Some bits and pieces of commentary that has caught my eye in recent days, which I want to pass on to you. These snippets are all commenting on recent Catholic-themed news stories:
At Daily Beast, Jason Berry quotes former papal abuse commission member Peter Saunders on how, in the assessment of many, the commission has turned out to be more smoke and mirrors:
Francis has a great opportunity to put his hands up and say,"I got it tragically wrong in my dealings with survivors in Argentina. I toed the party line like many other bishops, and now's the time to atone." To get rid of bishops who are protectors and abusers, he probably needs not a commission of devout Catholics, but a body akin to an FBI flying squad who do not have an allegiance to the church but know their work and go around the world however it needs to be done and eject these people or hand them over to authorities.
For The Guardian, Emer O'Toole hits a similar note about how papal image management campaigns do not necessarily produce substantive change — and that lack of substantive change has painful consequences for some real-life human beings including women and LGBT people:
Pope Francis’s media persona is dangerous. In his attempts to cultivate an image of a moderate church engaged with realities of sexuality and gender, the Pope obscures the homophobia and misogyny at the core of Catholicism. His recent obfuscation on contraception and Zika does nothing to help Latin American women, and serves to distract from the horrendous repercussions of Catholic teaching on abortion for women and the poor.
See also Barbara Ellen's commentary several days before in The Guardian, suggesting that to open the door even slightly in the magisterial teaching on contraception should also be to open the door about the use of condoms to prevent HIV transmission — something the pastoral leaders of the church remain unwilling to discuss:
As demonstrated, even a carefully abstract papal musing on such subjects has a significant ripple effect. As things stand, the Vatican’s response to the Zika crisis has highlighted the ongoing lack of humane response to Aids, and will look more pointed with each passing day.
At Commonweal, Peter Steinfels re-states his argument that the church's pastoral leaders should reconsider magisterial teaching that each and every act of sexual intercourse must be open to the transmission of new life, if it's to be morally licit. Winnifred Holloway responds:
The ban on birth control - so called artificial contraception- is not a problem for first world Catholics. They have long ago disregarded it. It is a millstone for the many and varied Catholics in the third world, especially when their bishops aggressively resist governements and health care workers who attempt to introduce it to the population of their countries. The hierarachy does not want to reverse the teaching of a recent pope (recent in church time) even when they must know it's ineffective and causes great harm to women and families. Doubling down on this dubious and outmoded teaching is the sin. The Vatican is good at ambiguous language. They should use it here, with the caveat that they give a stronger message to the bishops of the world to back off.
As I said several days ago, in my view, there's a strong heterosexist (and male-entitled) bias in the commentary of not a few conservative and centrist Catholic media types, as they engage the issue of contraception and what the pope said about it on his flight back to Rome. Peter Steinfels' carefully limited argument that church leaders should reconsider the ban on contraception in "each and every" instance of sexual intercourse within a sacramental, heterosexual marriage is an argument deliberately designed to head off arguments that opening the door to a reconsideration of contraception — within sacramental, heterosexual Catholic marriages — is also an opening of the door to reconsidering the morality of homosexual acts and unions.
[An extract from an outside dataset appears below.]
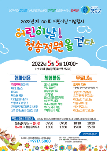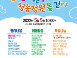 청송군은 오는 5월 5일 어린이날 100주년을 맞아 ‘산소카페 청송정원’(파천면 신기리 소재)에서 아이들이 체험할 수 있고 가족이 함께할 수 있는 ‘어린이날! 청송정원을 걷다’ 행사를 개최한다.
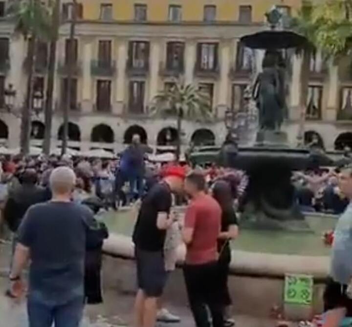 Martin Mullen has been identified as the man who was filmed shoving a local into a fountain on Tuesday in the busy Placa Reial square.

It's consistent, in other words, with the editorial stand taken by Commonweal, a we-stand-above-the-fray centrist Catholic journal that has opposed same-sex marriage and which refuses to entertain open discussions of the male entitlement and heterosexual power and privilege of the centrist Catholics in the academy and media for whom Commonweal speaks. Steinfels' strictly limited proposal for a reconsideration of Humanae Vitae solely in the context of heterosexual, sacramental Catholic marriage will not in any way aid LGBT people in combating Catholic-engendered oppression.
It's designed to do the opposite, and to privilege married heterosexual Catholics who want loopholes in the magisterial teaching on contraception for themselves, but who are not willing to grant that the entire edifice of magisterial teaching about human sexuality, insofar as it's constructed on an acts-centered, biologistic reading of natural law, is flatly wrong and needs to be dismantled. That would open the door, you see, to the gays. And it's simply not their church, in the view of the Commonweal set.
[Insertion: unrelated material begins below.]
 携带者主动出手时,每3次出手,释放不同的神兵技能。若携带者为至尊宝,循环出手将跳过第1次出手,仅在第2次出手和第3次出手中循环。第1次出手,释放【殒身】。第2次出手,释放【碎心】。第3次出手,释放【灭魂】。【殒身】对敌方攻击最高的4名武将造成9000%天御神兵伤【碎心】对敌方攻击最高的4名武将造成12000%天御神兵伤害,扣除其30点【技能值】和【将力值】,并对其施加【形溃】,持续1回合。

Steinfels' argument continues, in other words, the very game-playing that he himself rightly decries in his latest Commonweal statement, in which the very same Catholics opposing the human rights of LGBT people including the right of marriage are frequently themselves using contraception and not finding contraceptive use morally wrong — though the use of contraceptives is condemned in Catholic moral teaching on the very same grounds on which homosexual acts and unions are condemned.
What really needs to be reconsidered is what tremendous damage this game-playing — and its protection of hidden, never-honestly-discussed presuppositions about male heterosexual power and privilege — has done to the Catholic church, especially in the U.S. And especially in Catholic workplaces, including Catholic universities, in the U.S. . . .
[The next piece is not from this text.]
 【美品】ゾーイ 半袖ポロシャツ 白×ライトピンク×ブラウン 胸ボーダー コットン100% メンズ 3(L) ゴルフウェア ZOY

Re: the latter: as Brian Roewe reports yesterday for National Catholic Reporter, the diocese of Kansas City-St. Joseph has settled a lawsuit with Colleen Simon, former director of social ministry in a Catholic parish in the diocese, who was fired after it was discovered she had married another woman. Important to note in this article: as Roewe indicates, for legal counsel, the diocese turned to the Alliance Defending Freedom.
As the Southern Poverty Law Center notes, ADF "has a record of sharp anti-gay bigotry," and is spearheading efforts around the world today to make the lives of LGBT people as miserable as possible. When the U.S. Supreme Court considered (and then struck down) sodomy laws in Lawrence v. Texas, ADF filed an amicus brief asking that sodomy continue to be criminalized.
As I noted in December and as Frederick Clarkson has pointed out in his important article on the new religious freedom strategy of the religious right, Alliance Defending Freedom is providing counsel and legal templates to church-related colleges and universities including the Catholic college Belmont Abbey in North Carolina, assisting these schools in filing requests for permission to continue receiving federal Title IX funding while refusing to adhere to federal non-discrimination laws. I noted that Belmont Abbey College's "right-to-discriminate" request had a cc from its president William Thierfelder to ADF — a clear indicator that this Catholic college is among those turning to ADF for legal counsel as it seeks to circumvent laws prohibiting anti-LGBT discrimination.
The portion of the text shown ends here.